Pesach is the festival of freedom and renewal and a time to look ahead with optimism. It is also a time to be grateful for the liberty we enjoy. For all the troubles and anxieties we face, we should acknowledge that we live in a country where our community continues to thrive; where we enjoy full freedom in an era free from persecution.
Pesach is a festival in which we celebrate the exodus from Egypt to independence and liberty in our own land. It is appropriate therefore to dwell for a moment on the miraculous rebirth of Jewish national sovereignty over the land that the Almighty intended for us when He took us out of Egypt with a strong arm and a mighty hand. Israel is a country which has flourished. It is one of the world’s most advanced liberal democracies with a burgeoning economy, some of the world’s most innovative minds and a constitution which respects the rights of all of its citizens and affords them all representation and protection under the law. If all countries in the Middle East were like Israel the world wold be a far better place. There would be no refugee crisis. Those brutalised by Islamic extremists and the murderous Assad regime in Syria can only dream of the lives led by Jews and Arabs alike across the border. Indeed it is a sign of the compassion of the Jewish state that among those at the forefront of aiding those refugees as they flee from tyranny in in the Middle East is an Israeli charity – IsraAID – which has been praised at a Board event by Labour MP Yvette Cooper.
Pesach is a festival of renewal and this is also a year of renewal at the Board with a new team of honorary officers bringing a fresh approach to our activities. This team, which draws on a diverse pool of talent and also represents a mix of youth and experience, men and women, is symbolic of the positive direction in which the Board is heading. While the Honorary Officers and our almost 300 deputies debate and form policy on the issues that matter to Jews today, our energetic staff team – including the best public affairs team in the sector – are busy translating those policies and concerns into innovative projects, publications, events and most importantly, robust advocacy on Jewish issues.
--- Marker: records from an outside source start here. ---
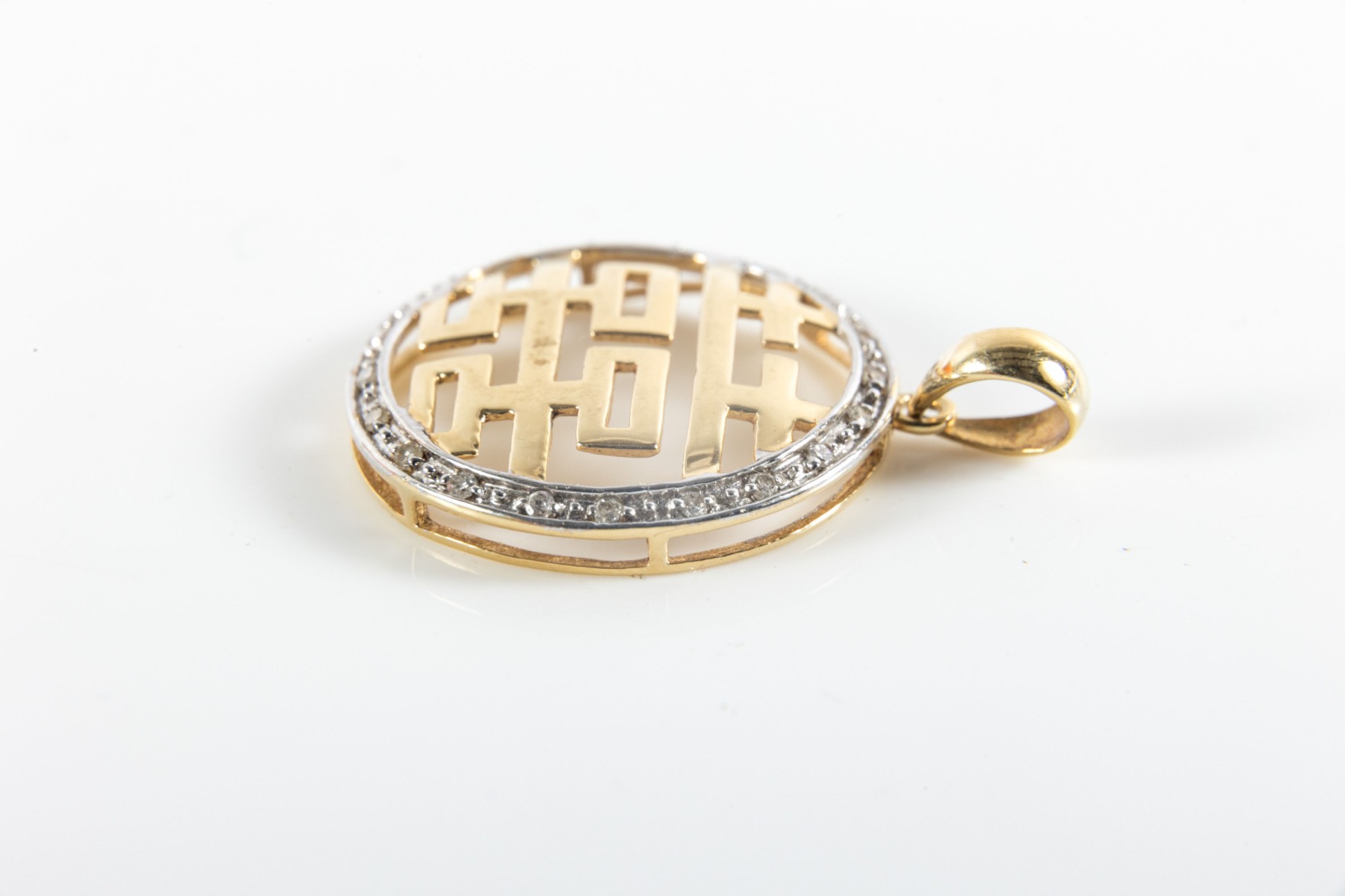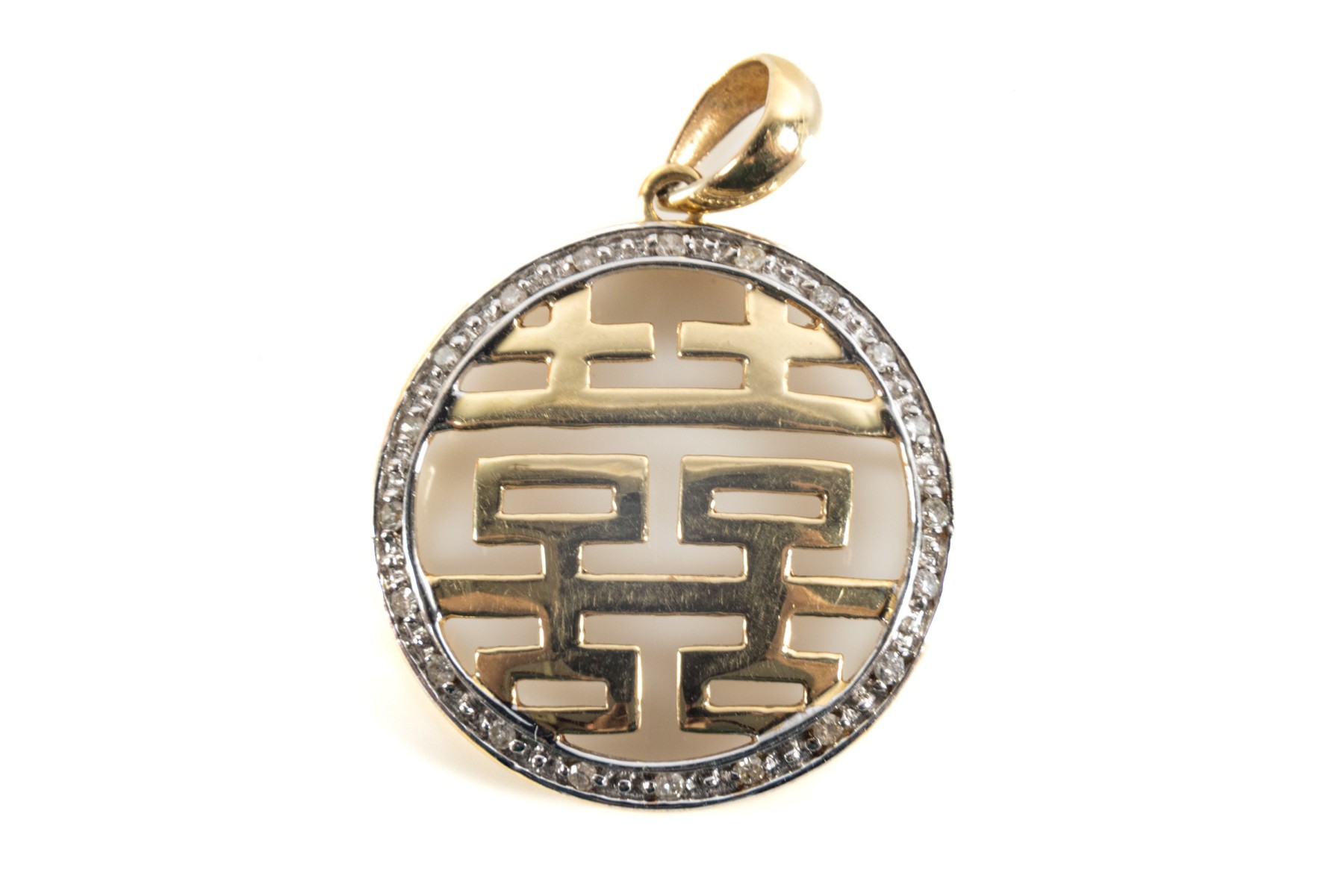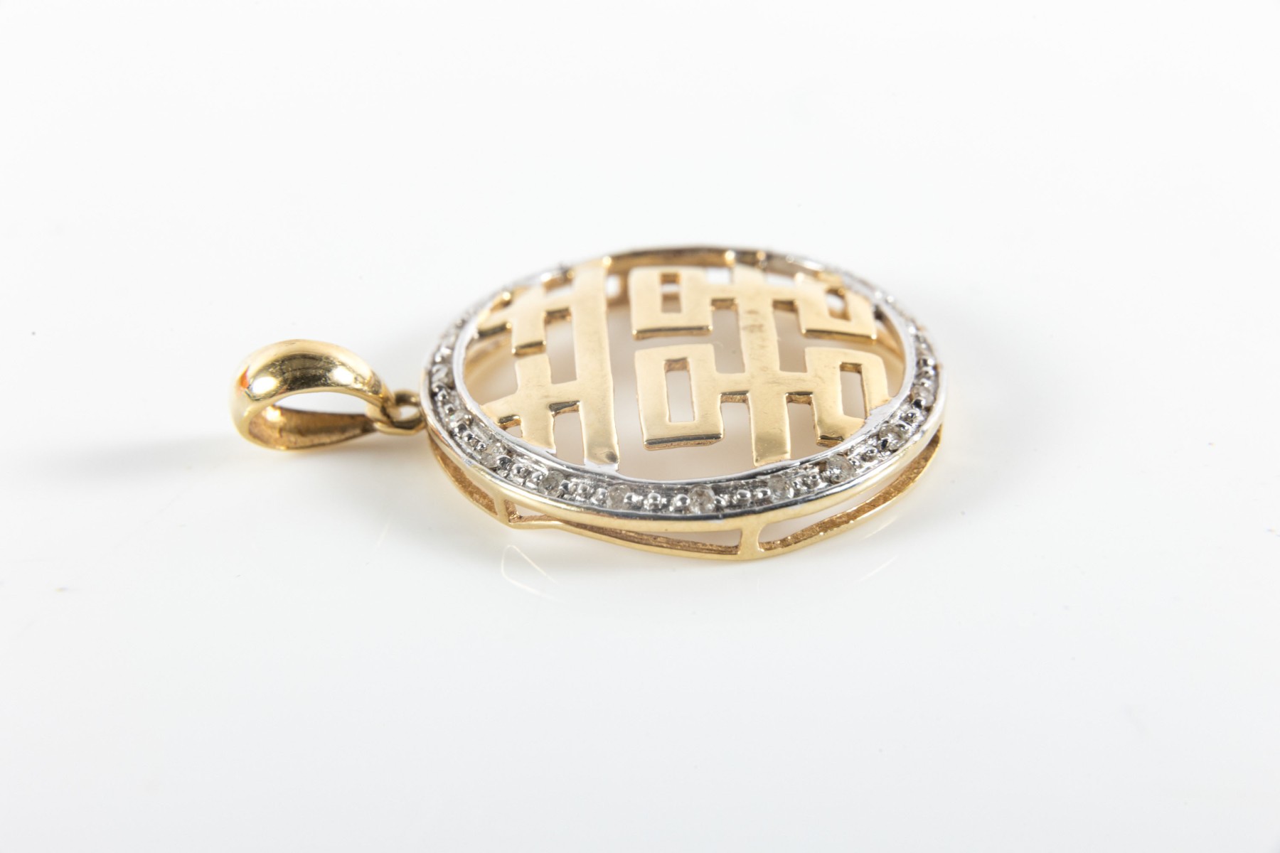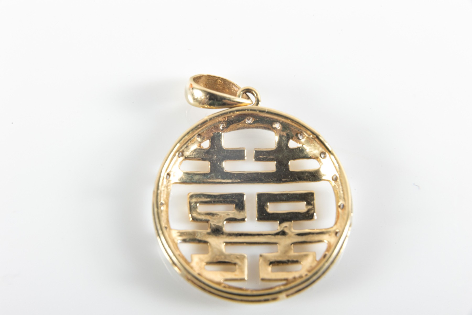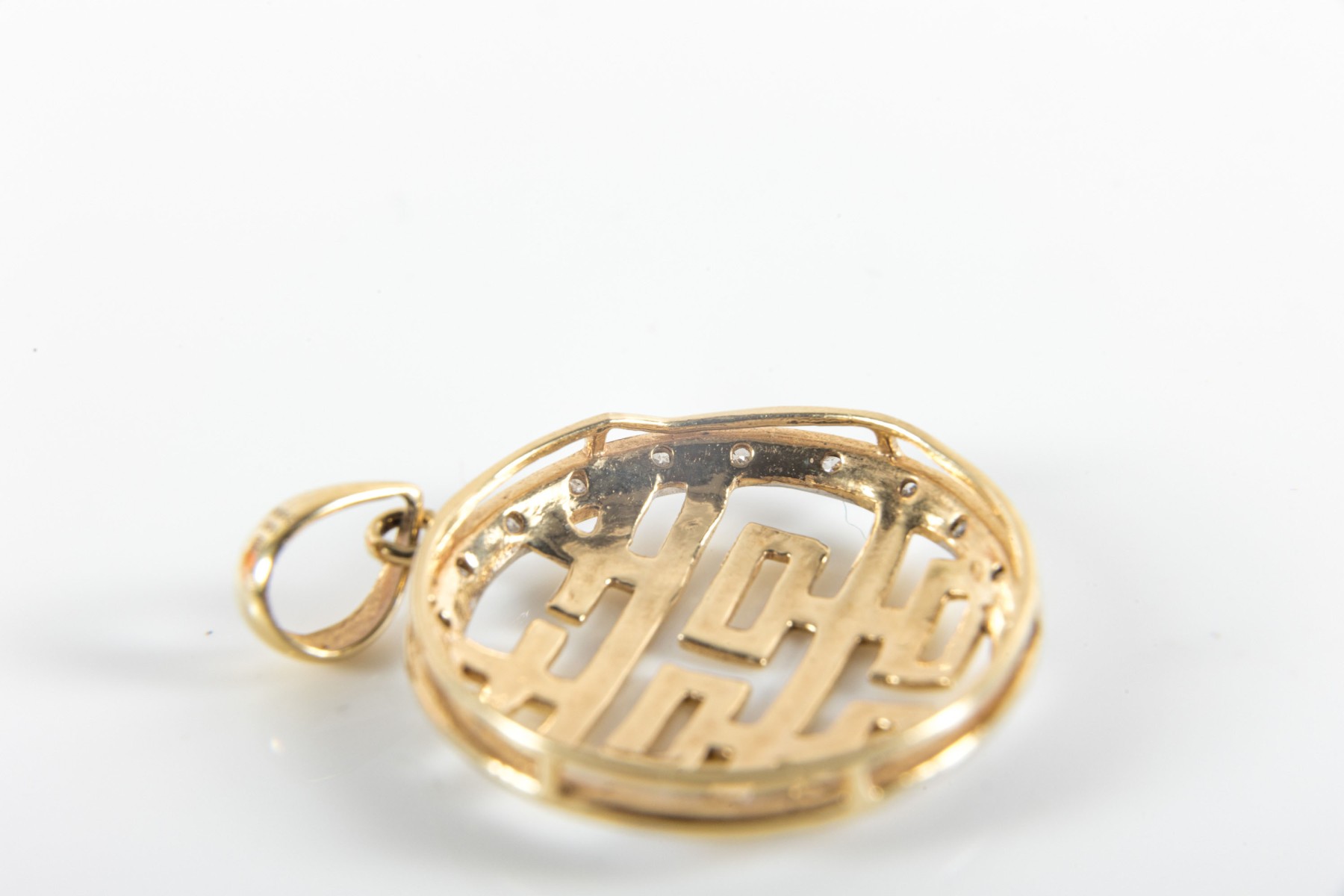 A small 14K yellow gold Chinese double Happiness symbol pendant charm embellished with moissanite stones.
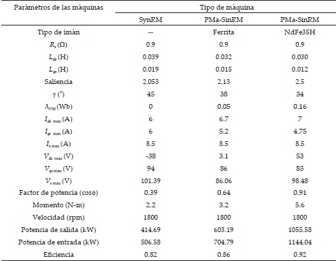 La Tabla 3 muestra los resultados comparativos entre un SynRM, un PMa-SynRM con imán de ferrita y otro del mismo tipo, pero con un imán de tierras raras (NdFe35H) (Vartanian et al., 2012). Los valores de las corrientes y de las tensiones, a partir del diagrama de la Figura 6, son valores máximos. Los autores calcularon valores que se añadieron en la Tabla 3. La comparación se realiza para un valor máximo de (Is max ) de 8.5 A para los tres motores (Isrms = 6 A). Se puede observar el aumento del factor de potencia, la eficiencia, la potencia de salida y el momento siguiendo el orden mencionado arriba. Deben reiterarse las diferencias en costos entre ambos tipos de imanes y en cuestiones operacionales entre ambos tipos de máquina.
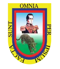 Escudo de forma española, orlado por la bandera de Colombia y dividido en dos campos: en el superior se encuentra la figura del general José María Córdova, y en el campo inferior aparece un jaguar, todas las figuras en sus colores naturales. Sobre la bordura el lema “OMNIA PER IPSUM FACTA SUNT” (Todas las cosas por él, fueron hechas)[2]
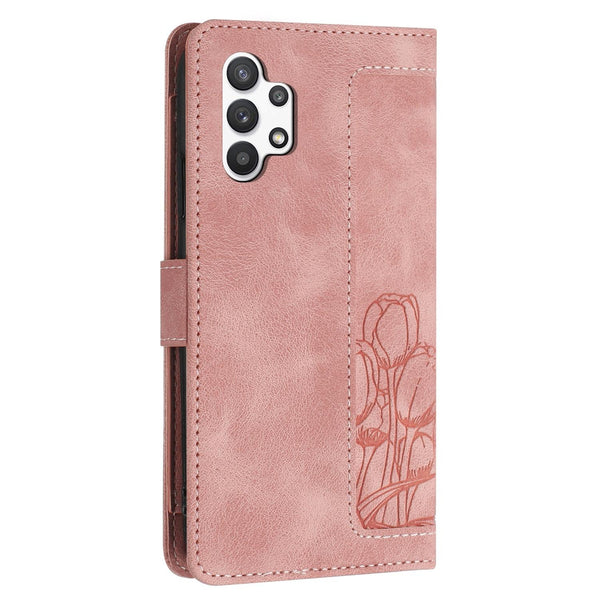 For Samsung Galaxy A13 5G / 4G Tulips Embossed Leather Phone Case with Lanyard(Pink)
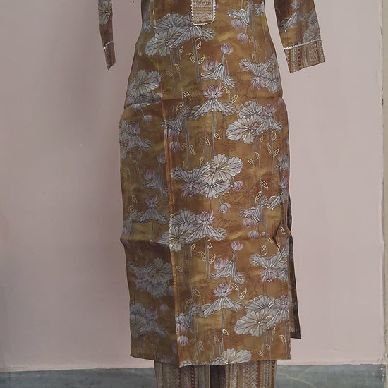 Product Details: Top Color & Pattern: Mustard base with all-over lotus print and embroidered lace neckline Bottom Color & Pattern: Mustard-toned striped ethnic print Sleeves: 3/4th sleeves with printed cuffs Neckline: Round neck with placket detailing Fabric: Soft and breathable cotton blend Fit: Straight cut for a sleek silhouette Occasion: Everyday wear, office, casual gatherings Wash Care: Gentle hand wash or mild machine wash
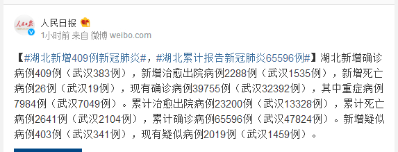 湖北新增确诊病例409例(武汉383例),新增治愈出院病例2288例(武汉1535例),新增死亡病例26例(武汉19例),现有确诊病例39755例(武汉32392例),其中重症病例7984例(武汉7049例)。累计治愈出院病例23200例(武汉13328例),累计死亡病例2641例(武汉2104例),累计确诊病例65596例(武汉47824例)。新增疑似病例403例(武汉341例),现有疑似病例2019例(武汉1459例)。
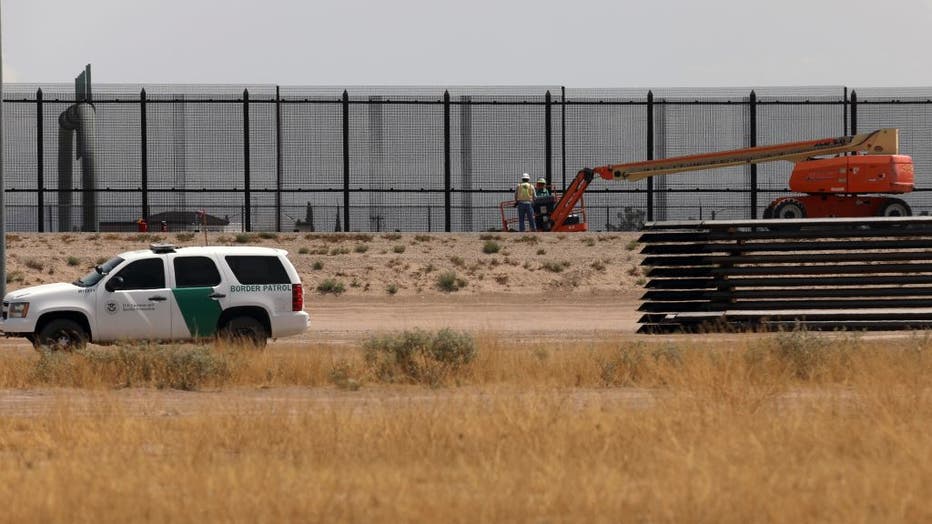 A Border Patrol unit drives by the construction site of a new section of the border wall between the US city of El Paso, Texas and Ciudad Juarez, Chihuahua state, Mexico on August 17, 2020 (Photo by HERIKA MARTINEZ/AFP via Getty Images)
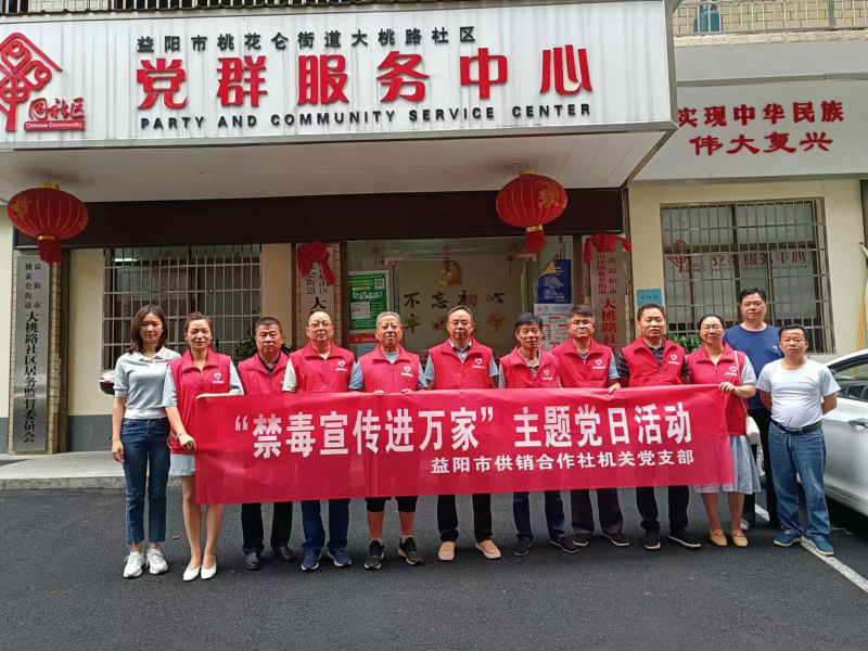 为进一步扩大禁毒宣传覆盖面,提升广大群众的禁毒知识知晓率,充分发挥党员先锋模范带头作用。6月17日,市供销合作社全体党员、入党积极分子前往大桃路社区开展“禁毒宣传进万家”主题党日活动。
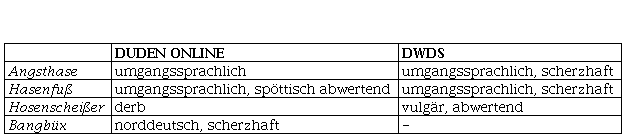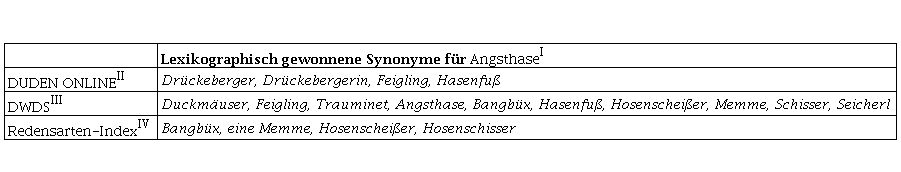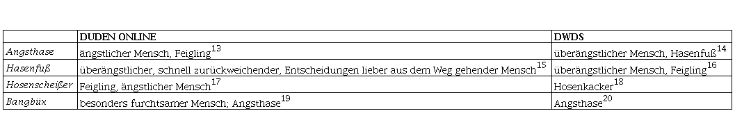 Die Gruppe der die Ängstlichkeit benennenden Einwortidiome wird anhand von Online-Nachschlagewerken festgelegt, indem von dem Einwortidiom Angsthase, als ‚ängstlicher Mensch, Feigling’6 definiert, ausgegangen wird. Im weiteren Schritt werden in Anlehnung an lexikographische Quellen seine Synonymkandidaten zusammengestellt, die in der nachfolgenden Tabelle angeführt werden.

One of our most important roles is to ensure that our community is able to live free from antisemitism. We are fortunate to live in a country which has in recent years been hugely proactive against all forms of racism and as a result our society is a fair and tolerant one. However, pockets of antisemitism remain. There is a remnant on the right which we have an continue to confront – as we did in our cross-community initiative Golders Green Together last summer, which ensured that the people of Golders Green did not have to confront neo-Nazi incitement on their doorstep. While far-right racism remains, we are now having to confront Islamic antisemitism and the hate of those on the far-left who couch their Jew hatred as anti-Zionism. There have been problems in the Labour Party which have been widely commented on. We need to ensure that the Labour Party leadership takes responsibility for ridding the party of this fringe of extremists. There have been allegations of antisemitism, racism, bullying, intimidation, candidate misconduct – there should be no place for any of that in the Labour Party. Wherever these allegations emerge in whichever political party, we will always intervene.
Our community shows signs of vitality everywhere. The continuing strength of our central institutions and social welfare bodies are the envy of other religious communities as are our schools which are expanding, with new openings planned . Our cultural life is extraordinarily rich and diverse and we at the Board are working hard to ensure that we continue to flourish. We were active at December’s Limmud Conference in Birmingham with a bigger programme than ever before. Our education department continues to work both to ensure that the greater community knows about Jews and Judaism. To this end we recently convened the first ever conference for teachers delivering the new GCSE Judaism syllabus. Our Pikuach inspectors are striving tirelessly to safeguard the quality of religious education in Jewish schools. We are working with Government to ensure our voice is heard on crucial issues including shechitah, brit milah, burial matters and coroners’ services – all matters that make a difference to our lives. And we have produced an Employer’s Guide to Judaism, launched by the Work and Pensions Secretary, which will ensure that both employees and employers with questions about Jewish culture and practice have comprehensive and authoritative guidance on all matters Jewish.
As free and as productive as our lives are in the UK, we should still reflect on the verse we recite every year at the Seder: Vehi Sheamdah lavoteinu “And this is that (promise) which sustained our fathers and us. That it is not one enemy alone that stood up against us to destroy us. But that in each generation there are those standing up against us to destroy us. But the Holy One Blessed Be He saves us from their hand.”
We will continue to meet whatever challenges are thrown at us while appreciating the freedoms that our forebears in Egypt crossed the Red Sea to attain.